Non-invasive characterisation of tissue structures at the cellular level is crucial for understanding biological processes in health and disease. Of the several available methodologies for doing so, MRI holds the greatest promise due to its flexibility and the non-ionising radiation used. Scholars in the field have designed methods for describing a variety of tissues and materials at the microscale. By fitting parametric signal models to MRI data, researchers were able to estimate microstructural features such as cell's radii and density within a voxel. However, most of these models are constrained by the hypotheses behind the models themselves. Such hypotheses often include assumptions regarding cellular morphology and other magnetic properties that are not necessarily detailed enough. This imposes a limitation for proper tissue depiction, since these models cannot account for features such as cells morphology and arrangement that are of the utmost importance to specialists.
In this project, we propose to tackle the problem by introducing HistoStat, a statistical framework that allows reconstruction of tissue microstructure from MRI data without imposing limiting models. Unlike other existing approaches, HistoStat will result in the generation of histology-like images containing similar information to that available in real histological data from a statistical standpoint. This will be done by employing the MR-scanner to measure a series of statistical descriptors (SDs) encoding the relative arrangements and shapes of tissue components. The acquisition of SDs will be based on different properties that are known to impact on MRI signal generation, such as diffusivities, relaxations, and magnetic susceptibilities. These SDs will be used to generate statistically accurate tissue reconstructions. The accuracy of the results will be guaranteed by the high-resolution information contained in the SDs, which would otherwise be impossible to obtain by standard MRI methods.
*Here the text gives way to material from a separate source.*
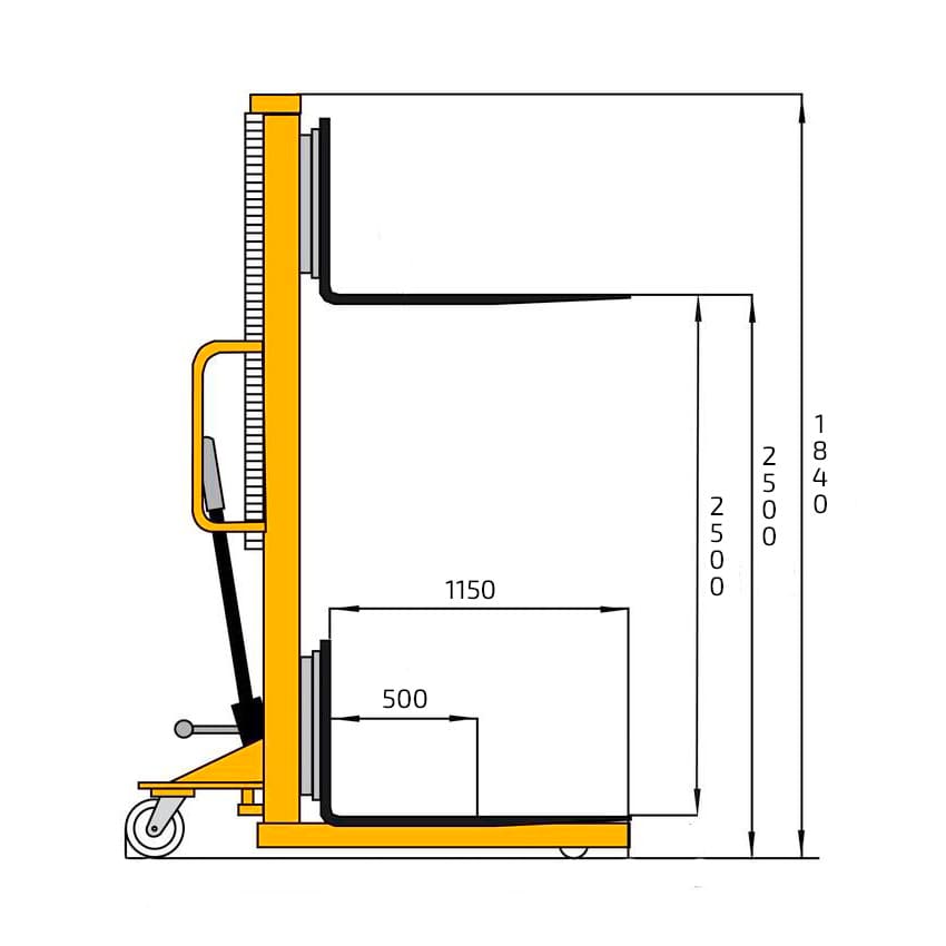 PLH 1000 25 RAKUDA, Ручной гидравлический штабелер, нагрузка 1000 кг., высота подъема 2500 мм, с раздвижными вилами (VILS) купить в Тюмени цена ✅ - Все для СТО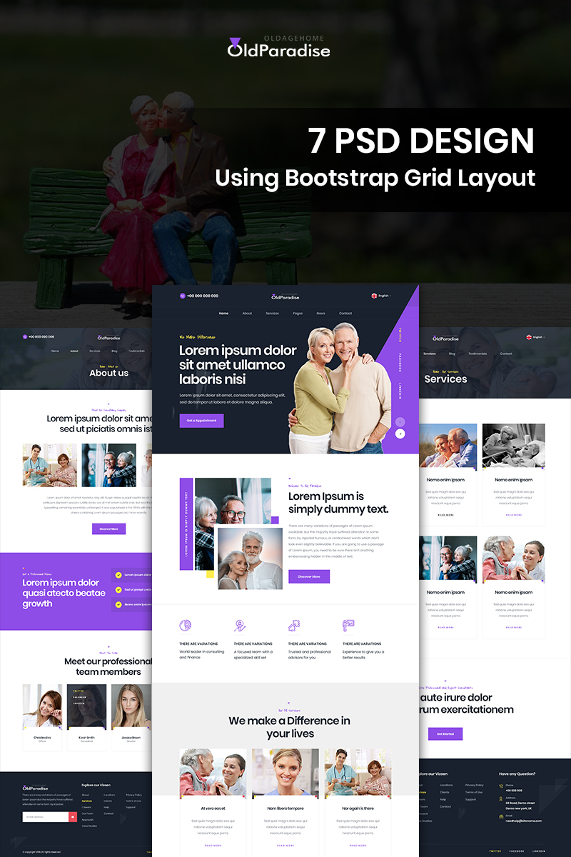 Download PSD шаблон "Old Paradise - Oldage Home PSD Template" / Old Paradise - Oldage Home PSD Template - PSD шаблон на тему уход за престарелыми old home theme template psd photoshop

Early and differential diagnosis of diseases and syndromes are amongst society's biggest medical challenges. As our population continues to live longer into old age, the number of people suffering and living with medical conditions continues to grow too. For example, neurodegenerative diseases alone, such as epilepsy and dementia, have been estimated to cost the UK more than £23b per year and are expected to triple by 2030. For the same year, prostate cancer is predicted to become the most common cancer in the UK. Given the variety of causes and aetiologies of these conditions, reliable identification of the underlying pathologies is a requisite for therapy effectiveness. It is in the provision of differential and early diagnosis that the technologies enabled by this project can have a serious impact. By working towards technological innovations in non-invasive microstructure characterisation, HistoStat will foster advances aimed at several conditions linked to other organs, such as bone and liver. The development of a mechanistic framework linking measurements and tissue microstructure will therefore provide plenty of insights for early medical diagnosis, helping to reduce the economic burden associated with them. This is of great importance for delivering more efficient treatments to topical conditions affecting a large proportion of the society, as well as to reduce the costs of late-stage therapies.

In particular, the following sectors will benefit from the research plan:

1. The society as a whole, who will experience more effective medical treatments as a result of the microstructural information available through MRI.

2. Medical doctors and the public health system, counting with a novel tool to aid in the early diagnosis of diseases without the need of costly and potentially dangerous invasive procedures.

3. Drug developers (e.g. GlaxoSmithKline), who will benefit from new tissue biomarkers of efficacy, and improved targeting of drugs to tissue, using predictive models that account for microstructure.

4. The MR scanners industry (e.g. Siemens and Philips), who will be able to plan and design new prototype systems and/or sequences specifically engineered for maximising the sensitivity of the instruments to HistoStat's requirements. For example, it may be possible to design MR fingerprinting sequences for measuring the required statistical descriptors in a very reduced time.